I am searching for the archetype of malted beer. Any suggestions?

jonrss
Post 3

Its funny, the artcile makes malt beer sound like something special and exceptional, but most of my experience with malt beer has come in the form of 40oz bottles.

The town where I went to college had seemingly every variety of 40 for sale somewhere and they were all malted beers. The flavor was sweeter and the alcohol content was higher, in some cases much higher. Also, it should be noted, the flavor was usually terrible. This didn't stop us from drinking them, but when you were drinking malt beer you kind of felt like you were slumming it

pleonasm
Post 2

It really is complicated, but I prefer just a simple beer, without all the added bits and pieces for flavoring. Just grain, hops, and yeast is fine with me. I'm glad many breweries are now offering beers without preservatives and all the other added extras.

Still, even without additions the timing and ingredient quality is so important that two beers with identical ingredients can taste completely different.

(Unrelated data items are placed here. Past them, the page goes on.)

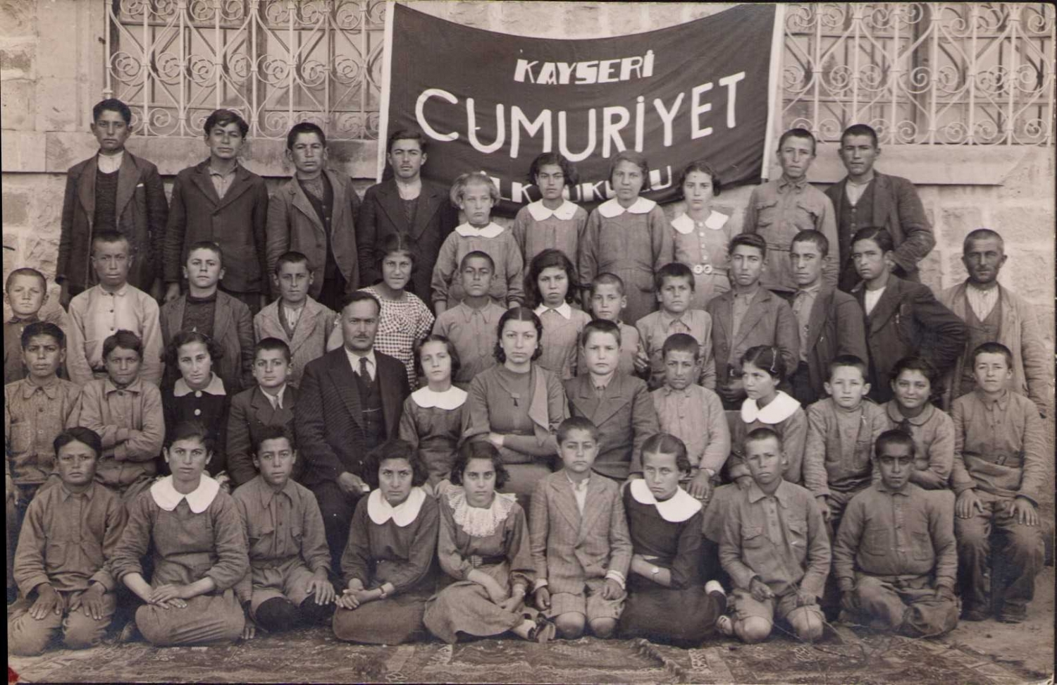 Kayseri Cumhuriyet İlkokulu, öğrenciler ve muallim.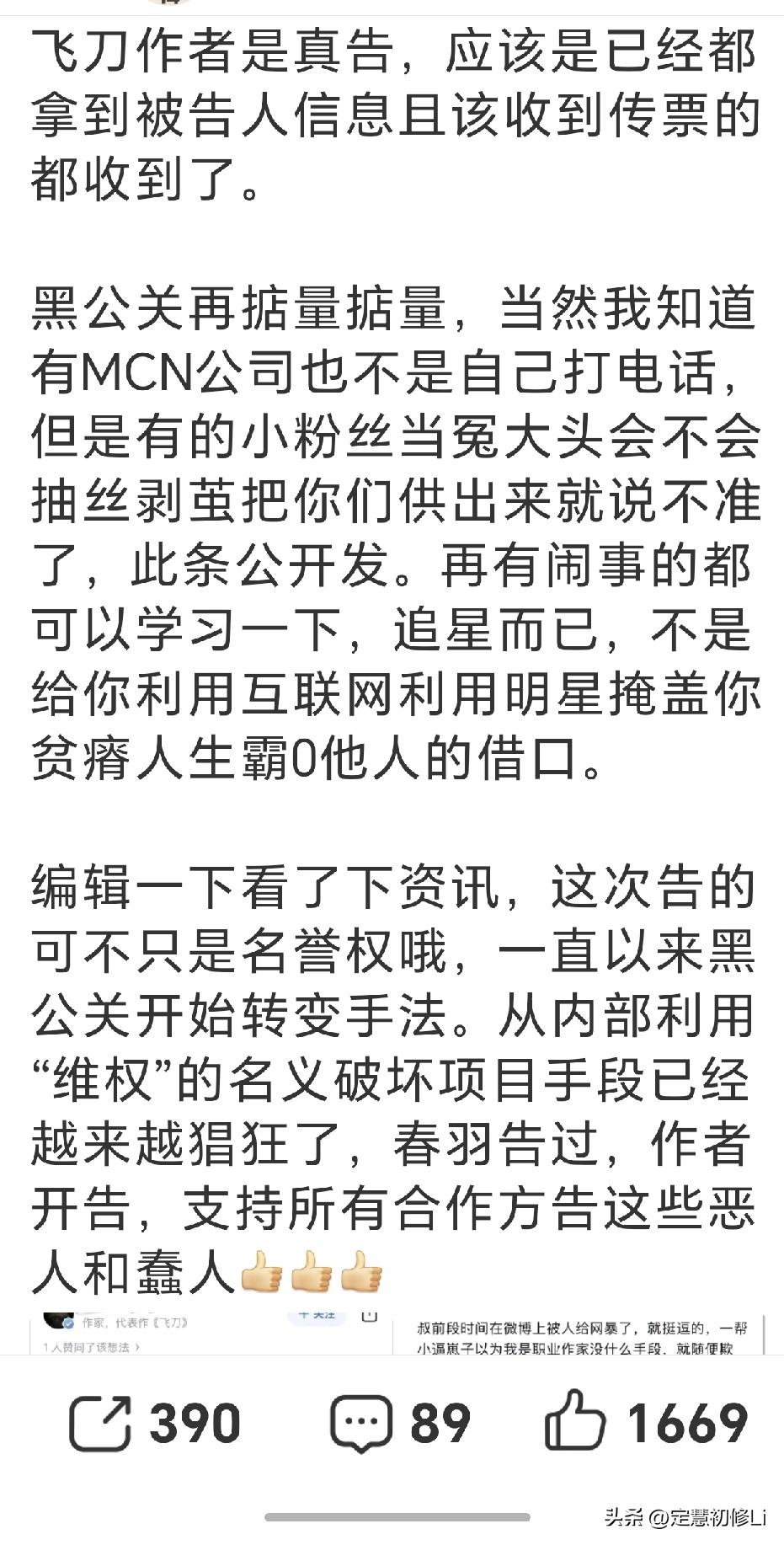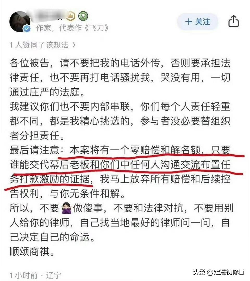 飞刀作者告那些造谣的职黑了,跟藏海剧组一样,维权力度很高,大家要一起监督,看到造谣剧本造谣演员的一律发给工作室。挤压这群职业黑子的空间。让他们最终接受法律的制裁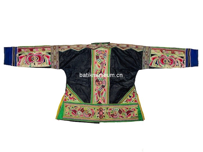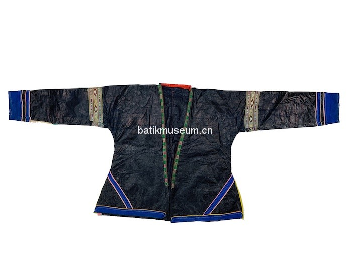 中文名:贵州省黔东南苗族侗族自治州榕江苗族蜈蚣龙鱼花几何纹刺绣万字几何纹织锦亮布无领无扣长袖对襟衣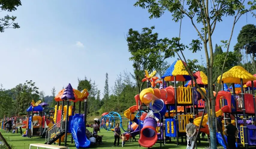 森林樂園有月牙灣水世界、草原部落、農耕研學、萌寵奇遇、夢幻劇場、梅花鹿餐廳、九曲花海、歡樂草坪、森林祕境等項目,結合農旅配套於一體。讓孩子們在遊樂的同時從更多元化的角度認識世界,在自然森野間,打開親子之間的心靈之門,陪孩子健康快樂的成長。

It would be very interesting to try and get a homebrew beer right, although I suppose most people making malted beer at home would have to use a malt extract, and I wouldn't be happy about doing that.

pastanaga
Post 1

It is so amazing how complex this procedure is. And the fact that people managed to make malted beer before the invention of sterilized, specialized equipment.

It makes sense that it came from the process of making bread. Sometimes when I'm drinking beer it almost feels like a meal. And how else could they have come up with such an involved process? I have a lot of respect for people who create home brew artisan beers, who have to do a lot of this work by hand, step by step, with every possibility that it might not even work at the end.

Plus, I enjoy their product!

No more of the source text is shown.